Saturday, August 31, 2024

On Point

It's closing in on a year since Matthew Perry's death... and the trail of blame unravels: the unscrupulous doctors and enablers, the greedy parasites who attach themselves to celebrities who are emotionally disabled.  I've seen this-- rockstars who struggle, actors between successes hanging out in bars, drinking themselves into a kind of crippled charisma.  It has an appeal, this state of manic hilarity, of self-effacing confessional deprecations and desperate nightly dramas of carousing.  While some pick up their career and dust themselves off, all too often this ends in tragedy.  It's very hard to measure quantities of alcohol or meds when one is just intent on blurring out the demons.  The failure we fear is too often simply the fear of failure. It's complicated.

Still, in the very sensitive aftermath of a tragic death, there is unprecedented sympathy.  Where were these mourners and criers during crisis?  Matthew was not in an appealing state, and I've argued in vain (pun intended) with addicts and junkies at the midnight hour when nothing but a needle makes any sense.  But after the fact, as a sort of clearance for the victim, there is this blame game... sometimes valid, sometimes a consolation narrative.  Where life insurance is concerned, there is a financial reason to morph a suicide into an accident or a manslaughter scenario.

And then there is the chain reaction-- those who are on a kind of edge and are so derailed by the sad ending of someone who struggled, as they do-- especially when that person was a 'someone' whom they admired.  If this man couldn't manage, one thinks, how can a loser like me ever get clean or sober or 'happy'-- that evasive human nirvana?

Granted, there was a hideous sequence of heinous people who profited from the pseudo-medical art of prescription peddling, especially common among well-known people who want to keep their vices within a more private circle.  But it helps to exonerate the deceased and attribute his errors to an evil little machine of individuals which took away his choices.  The consistent popularity of Law and Order and varieties of Dateline exemplifies our human obsession with blame-attribution.  We want justice for the innocent, and we often want the guilty ones we love to seem less guilty. The dead cannot defend themselves; we must unravel and discover.  

While I find mass shootings (and all random shootings) horrifying, I'm not sure the gun makers are culpable.  For someone strangled with a silk tie, well-- nearly anything in the wrong hands can be transformed into a means of killing.  Of course guns are made for this... and what is wrong with our culture and all past cultures which decided that wounding human bodies was a way of solving massive conflicts? All guns aside, it was God Himself who weaponized rain in Genesis. 'The fire next time,' He warned, in the traditional spiritual which inspired the James Baldwin title.  This always frightened me, like a premonition of firearms, nuclear war.  Summer wildfires are terrifying enough.

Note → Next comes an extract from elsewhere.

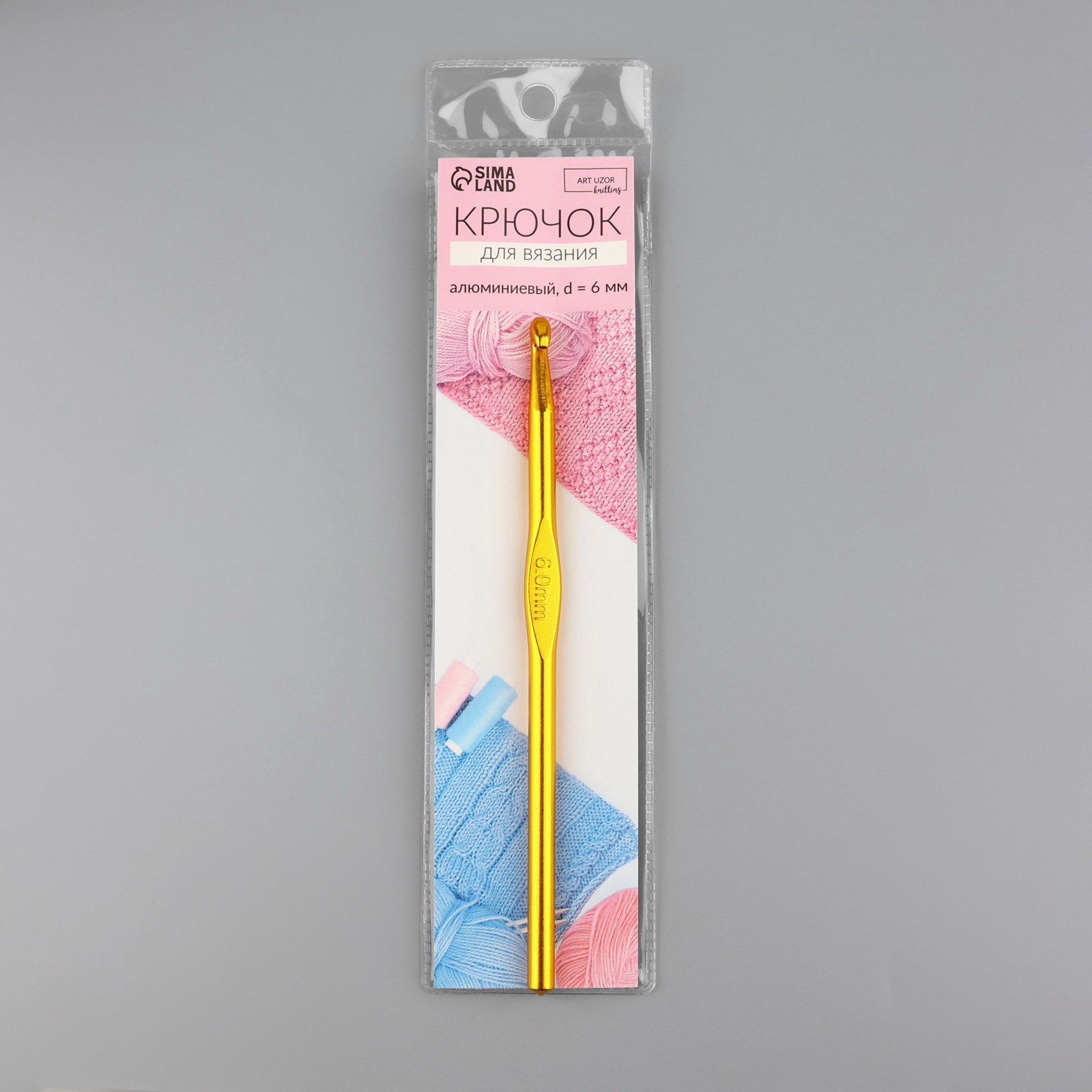 Крючок для вязания, d = 6 мм, 15 см, цвет МИКС, 60х60х0.6 см., Арт Узор, Китай

We named my very first band The Blame.  Blame it on rock and roll; something like that.  Blame and guilt go hand in hand in adolescence, in bad relationships, in family dynamics.  We grow up pointing fingers... even the dog gets involved as the fallguy-- eating homework, breaking expensive china, etc.  And then there was the pandemic-- the ultimate culprit in stalemating lives, creativity, social connections.  It caused depression, isolation... it had no end, no boundary... for many of my peers this became a new way of living. Come to think of it, was not the great flood of Genesis the ultimate cancel-culture event?  

August always brings with it a kind of nostalgic regret-- the end of summer is sad for children; they must go back to the grind of school, and leave the freedom of unscheduled days and jacket-less afternoons.  We adults carry this with us... the cusp of September seems always harsh for me... as though I no longer deserve a day of respite, of freedom.  We are grown ups-- we must take responsibility for our failures and lapses. Jews have a day of atonement; I wonder how many in Israel will be thinking about the Palestinians whose children will be vaccinated against polio, but destroyed as a people. It's downright ironic, this priority to cease warfare just to insure that these babies in the line of fire are inoculated. 

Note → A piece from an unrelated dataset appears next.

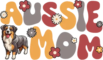Aussie Mom Australian Shepherd DTF Transfer with Retro Flowers

Not to deny the back-and-forth between our political candidates. Leaders are generally held responsible for the ills of their regime, but the blame game goes far beyond culpability in an election year. Finger pointing and accusations far eclipse the vulnerable reality of policies which are only as solid as theory or hindsight witnesses. We are all to blame for sins of omission, for selfishness, for failing to reach out and empathize.  Too often the burden gets transferred and passed down to the one who has least power to defend.  Like the tastelessly loud guitarists who blame their sound crew-- the venue-- acoustics-- or band members for volume issues. All we have are tools of prevention, and our own hearts and minds which will hopefully embrace some kind of universal truth and move this world forward into not just a foreseeable but an accountable future.